I used a modified version of Tufte.css (forked years ago) for my website[0]. I love the way it works for the longish posts I wanted to make but Tufte's ideas are not without their problems when converted into a web page.

The design really works best in landscape mode. Portrait "works" but the sidenotes interact with the main text and each other in annoying ways. This sometimes makes writing documents harder than it should be since I have to test the output in both Landscape and Portrait to make sure it doesn't look terrible.

This somewhat defeats my goal of having a nice clean markdown->styled html workflow. I often have to make small changes to get things looking OK.

That said, I am very happy with the overall look and functionality of the style.

[0] An example page: https://sheep.horse/2017/4/so_you_want_to_start_an_unpopular...


I wonder if there's a way to move the footnotes to the bottom of a section when the display is narrow...

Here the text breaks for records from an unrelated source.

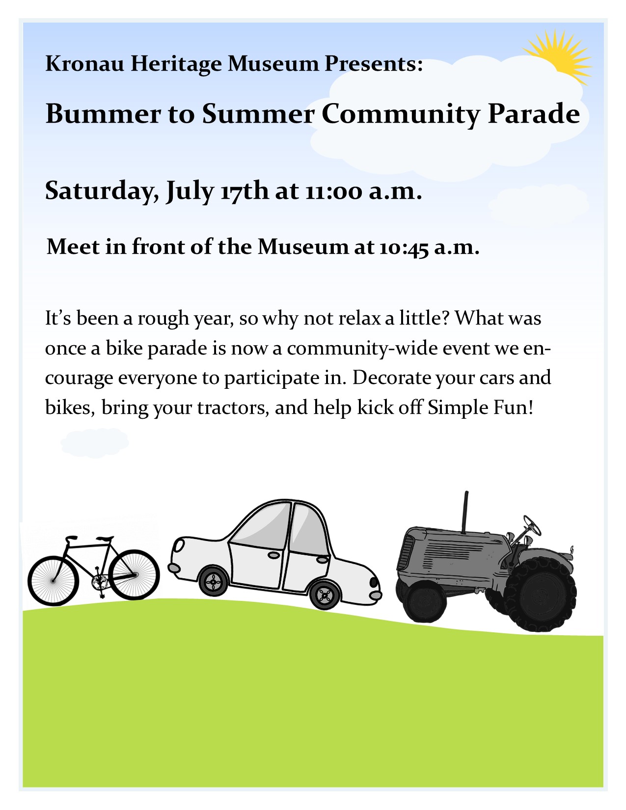 To kick off our the Simple Fun festivities, we have our “New and Improved” parade! We hope everyone will join us for our Bummer to Summer Parade, starting at 11:00am. Please meet in front of the museum by 10:45 to keep us on schedule!
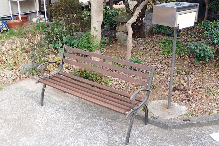 私は年3回しか一時帰国しませんが(通算3ヶ月/年)、横浜の自宅には家族4人が居て、特に母(94歳)は最近足腰が弱くなってきたので、天気の良い日は庭に出て、このベンチに座って寛いでくれると思います。
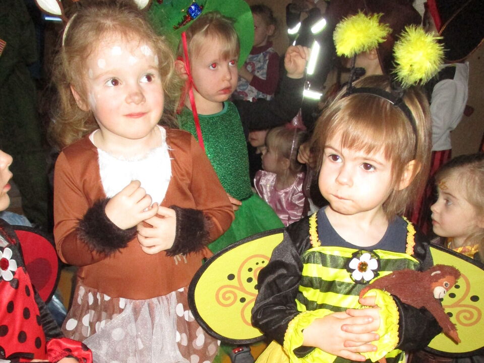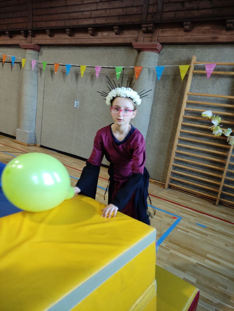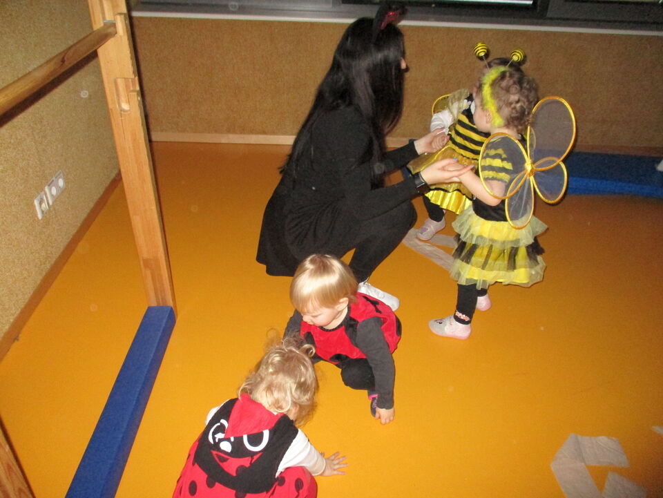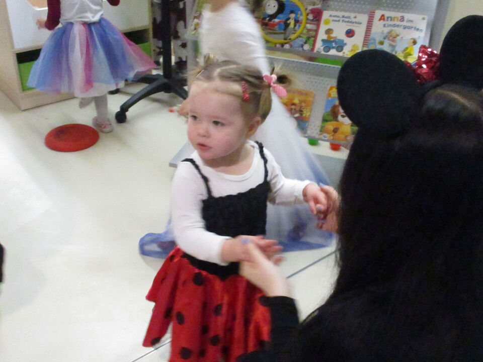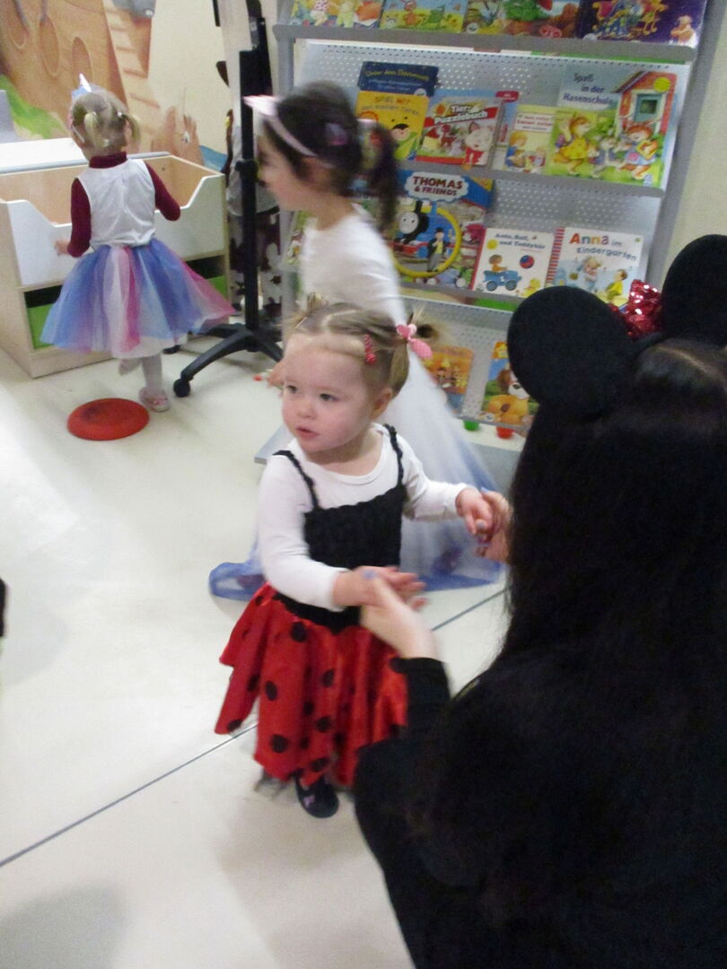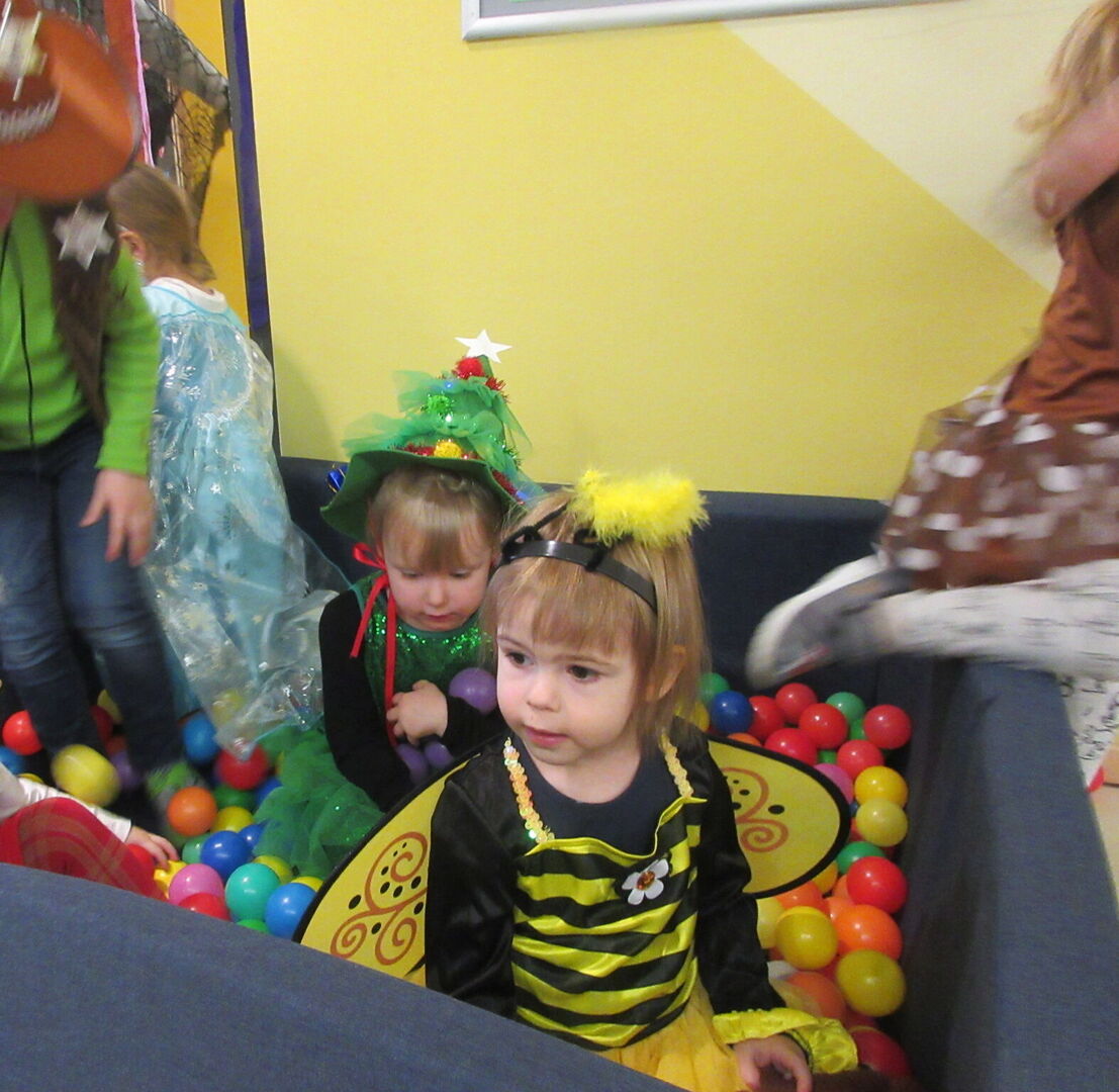 Zu Beginn der Faschingsparty bekamen unsere Kita-Kinder Besuch von der Hexe Baba Jaga. Anschließend erwartete die Kinder viele lustige Spiele für Groß und Klein. Mit viel Ausgelassenheit, Trubel und Freude flitzten die Kinder durch unseren großen Flur, in dem ein kleiner Parcour aufgebaut war, veranstalteten eine Stuhlpolonaise, tanzten zu Musik bei unserer Mini-Disko und dekorierten unsere Kita mit jeder Menge Klopapier, Luftballons und Papierschlangen. Besonders beliebt unter unseren Kleinsten waren das Bällebad und die Hüpftiere, auf denen sie ausgelassen durch die Räume hüpften.

I _somewhat_ solved this problem with my Jekyll theme based of Tufte CSS[0]. Not perfect, but it just places the marginnote below it's corresponding element.

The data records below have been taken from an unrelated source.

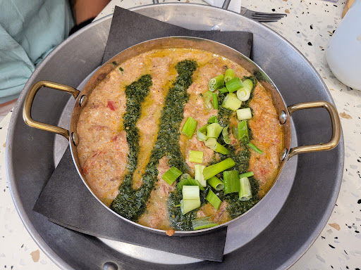 The food has been absolutely delicious. So far, we’ve tried the menemen, pistachio pancakes, chicken Benedict, fahsa, mankousheh, chicken and waffles, and steak omelet. Everything was full of flavor and cooked perfectly, except for the waffles—they crumbled quite a bit and seemed to be made from the same batter as the pancakes. I’d suggest tweaking the waffle recipe to improve the texture. Otherwise, everything was fantastic.
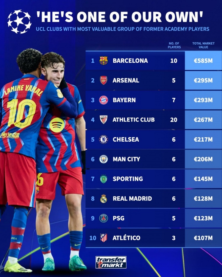 欧冠球队青训球员总身价:巴萨5.85亿居首,皇马第8
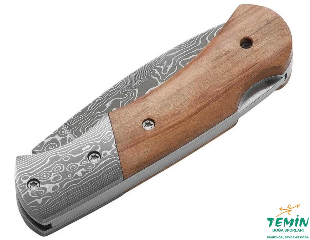 Herkesin kıskanacağı birinci sınıf ve yüksek kaliteli bir çakı. Ağız kısmı 71 katmanlı paslanmaz damascus çeliğinden yapılmıştır. Kabzalar da aynı değerli malzemeden yapılmıştır. Kaliteli zeytin ağacının kullanıldığı kabza pullarında da hiçbir masraftan kaçınılmamıştır. Backlock kilit mekanizması sayesinde ağzın kazara katlanması engellenir. Klipssizdir.
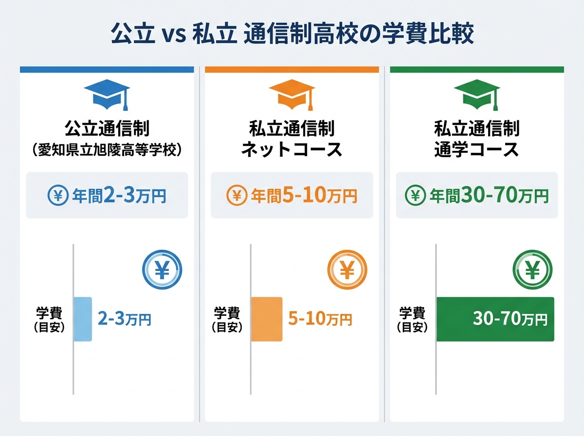 - 公立通信制: 年間2〜3万円程度(教科書代・諸費用のみ)
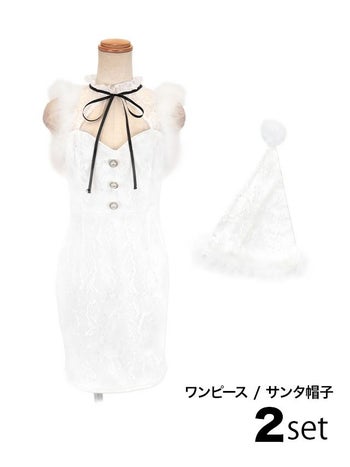 ドレスとしても着れる♪ 【サンタコスプレ】2点セット チョーカー風リボン 総レース ファー付き サンタコスプレ (ワンピース+サンタ帽子)
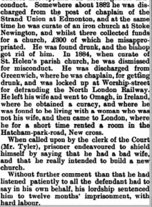 Although… In 1887 a Rev Patrick Frederick Duffy, alias the Rev Frederick Clarke was arrested for fraud, having numerous collecting books and printed circular appeals designed to raise money for churches in various parts of London which did not exist or that existed but were in use by other congregations and had nothing to do with Duffy.
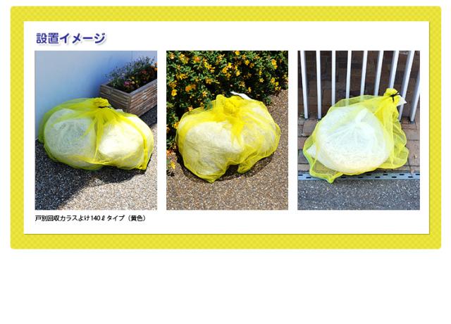 小型 45L約3袋 カラスよけネット 戸別回収向け噂の黄色いカラスよけ 140L 直径95cm×高さ80cm イエロー 戸別収集 一般家庭向け 底重り入り 飛ばされにくい 丈夫 一般家庭向け 自宅 戸建 マンション アパート 賃貸 会社 店舗 管理組合 自治会 町内会 予算消化
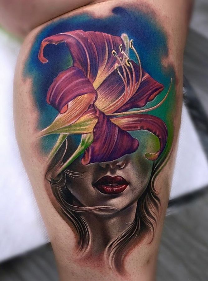 twarz kobiety przysłonięta kwiatkiem
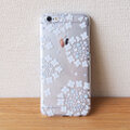 小さな白い花が清楚で可愛らしい紫陽花柄のクリアスマホケースです。
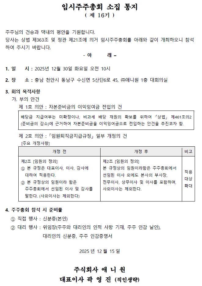 제 16기 임시주주총회 소집 통지('2025.12.30)

[0] https://et-jekyll.netlify.app/et-jekyll-theme/

Edit: I realize you are referring to "footnotes" and not margin/side notes, but I believe you could use the same method.


I've thought about this a lot and I can think of two ways but I am too lazy to implement either of them.

The first is to use Javascript to dynamically move the footnotes, or to hide them behind a dynamic interface. I've seen other sites use similar techniques. However, one of my original goals was to avoid JavaScript where possible and there are always some users who don't run js.

The second is just to include the footnotes and sidenotes twice in the document in different places and use css media queries to select between them. This wouldn't be a big deal since I am already generating the document from markdown anyway.


Haha, I enjoyed that. And it looks good. I may even be a return visitor!


Good ideas here. I don’t think that the hack to produce attractive underlining for links is any longer necessary, as recent versions of major web engines seem to render underlining in the style that he’s going for by default. Am I wrong?


I use the Tufte-CSS underlining on gwern.net and noted the recent announcements, which I thought would simplify the CSS nicely.

But the support is still less than the 95% or so of users that most people try to support, and there are still glitches and bugs with them. Given that you'll have issues with the new skip-ink stuff and probably will have to include fallbacks, why bother with the churn? Maybe in another few years...


There's a minor, but longstanding, problem with the ETBembo/ETBook font in use. Any contributions toward fixing it would be helpful: https://github.com/edwardtufte/et-book/issues/20


Thanks, this looks beautiful and simple to use.